# Hedgie temp



## zoologist (Sep 2, 2008)

As the weather starts to get a lot cooler i'm wondering how to keep my hedgie baby warm. He's done well thus far because we keep the apartment a constant 78, but it dips lower in the night because we do not have the heat on.

What is the best way to keep my hedgehog's cage warm? what do you use?


----------



## smhufflepuff (Aug 28, 2008)

Depends on what type of cage you have for your little one.

I'd keep the heat on at night until you get something just for him. One of these nights it might dip below for too long and you could end up with a rather ill (or dead) hedgie.


----------



## zoologist (Sep 2, 2008)

he's in a 'super pet' wire cage.

lights don't seem to bother him too much. he will be up and about running on his wheel when i'm lying in bed at night with the lamp on, so i'm thinking maybe a ceramic heat emitter attached to the top of his cage? i have extra lamps lying around from my turtles. what do you think?


----------



## Gnarly (Aug 29, 2008)

A ceramic heat emitter is fine, since you have a wire cage. 
Just make sure you have an extra thermostat lying round as well, so you baby doesn't get too hot.


----------



## smhufflepuff (Aug 28, 2008)

With a wire-top cage, the ceramic heat emitter would be perfect 
Just make sure to plug it into a thermostat controller to keep the temp nice and even.

Hee hee... looks like Gnarly hit "submit" first


----------



## lilhoglet (Aug 28, 2008)

zoologist said:


> he's in a 'super pet' wire cage.
> 
> lights don't seem to bother him too much. he will be up and about running on his wheel when i'm lying in bed at night with the lamp on, so i'm thinking maybe a ceramic heat emitter attached to the top of his cage? i have extra lamps lying around from my turtles. what do you think?

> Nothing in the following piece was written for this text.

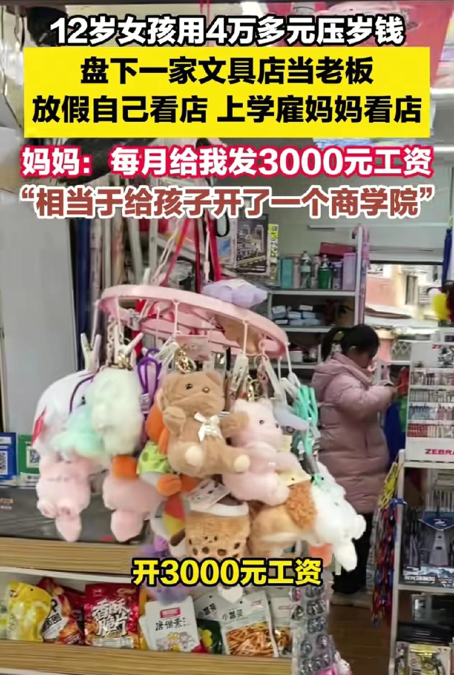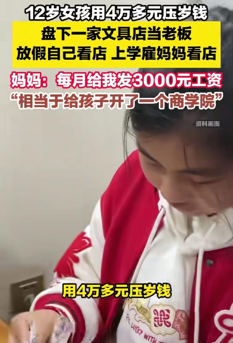 太牛了!江西,12岁女孩用多年积攒的零花钱和压岁钱,盘下学校门口的文具店,并且雇妈妈代管并按月发工资。没成想妈妈全力支持! 小姑娘觉得,把钱存在银行里,利息少得可怜,太不划算了。正好发现小区附近有家文具店要转让,她考察了一圈,直接动用了自己从出生到现在攒下的4万多块压岁钱和零花钱,把店拿了下来。 更绝的是:店有了,可自己平时要上学怎么办?小姑娘脑子一转,盯上了在家空闲的妈妈。她一本正经地跟妈妈商量:“妈,你帮我看店,我每个月给你开3000块钱工资!” 妈妈当时都懵了,活了半辈子,居然被自己12岁的女儿“聘用”了。 这可不是闹着玩的。现在这家店已经运转起来了: 上学期间:妈妈是“员工”,白天看店,月底领工资; 放学之后:小姑娘亲自接班,整理货架、招呼客人; 周末时间:她负责进货、定价、记账,还做了一个可视化账本,把每天的收支记得清清楚楚。 妈妈感慨地说:“这哪是开店啊,这相当于给孩子开了个商学院!” 现在很多孩子拿到压岁钱第一反应是“买什么好吃的、玩什么好玩的”,而她想到的是“怎么让钱不贬值”。这种延迟满足的能力和商业嗅觉,别说孩子了,多少大人都没有? 而妈妈没有因为孩子小就一棍子打死,也没有大包大揽。而是跟女儿约法三章:开店可以,但学习不能落下,一旦成绩下滑,立马叫停。 这种“放手不放任”的边界感,太值得学习了。 真正的富养,不是给孩子留一座金山,而是教会他如何去“挖山”;真正的保护,不是把孩子拴在裤腰带上,而是让他自己学会走路,哪怕会摔跤。 最好的教育,从来不是死读书。 生活才是最好的课堂,实践才是最好的老师。 财商、独立、担当,这些课本上学不到的能力,才是孩子一辈子的底气。 有梦想敢去追,有父母做后盾,这样的孩子,未来一定闪闪发光!

haha i was just about to type this::
ceramic heat emitters should work fine, just make sure you use a thermostat with it. i wouldn't use a heater that also emits light, however.

and when i went to submit it I noticed Gnarly beat me to it. lol


----------



## lilhoglet (Aug 28, 2008)

... and i keep getting beat. lol


----------



## rtc (Sep 5, 2008)

I wish I could use a heat emitter but I have one of those plastic cages.. sigh..

I just bought him an oil filled heater and it heats the whole room to a cozy 75 degrees F. 

R.


----------



## zoologist (Sep 2, 2008)

where do you get a thermostat controller?


----------



## smhufflepuff (Aug 28, 2008)

Usually find thermostat controllers in the reptile section of a pet supply store.

There are also ones called "rheostat" controllers -- avoid those.

You'll want to look for a thermostat with a dial (or other device) where you can set the temperature and a probe that runs from the controller into the cage itself. I chose one with three outlets on it - I keep two heat emitters plugged in. Although, I'm sure it's not too often it happens, I'm glad I have two after one of the lamps died on me... the other kept working to keep hedgie warm


----------



## lilhoglet (Aug 28, 2008)

http://www.reptilesupply.com/product.php?products_id=75

Here's a thermostat you might be interested in


----------



## zoologist (Sep 2, 2008)

thanks for the link, thats perfect


----------



## payge (Aug 30, 2008)

everybody already said everything i was going to say...
but be careful where you place it also. if you have a climber the bars do get warm.


----------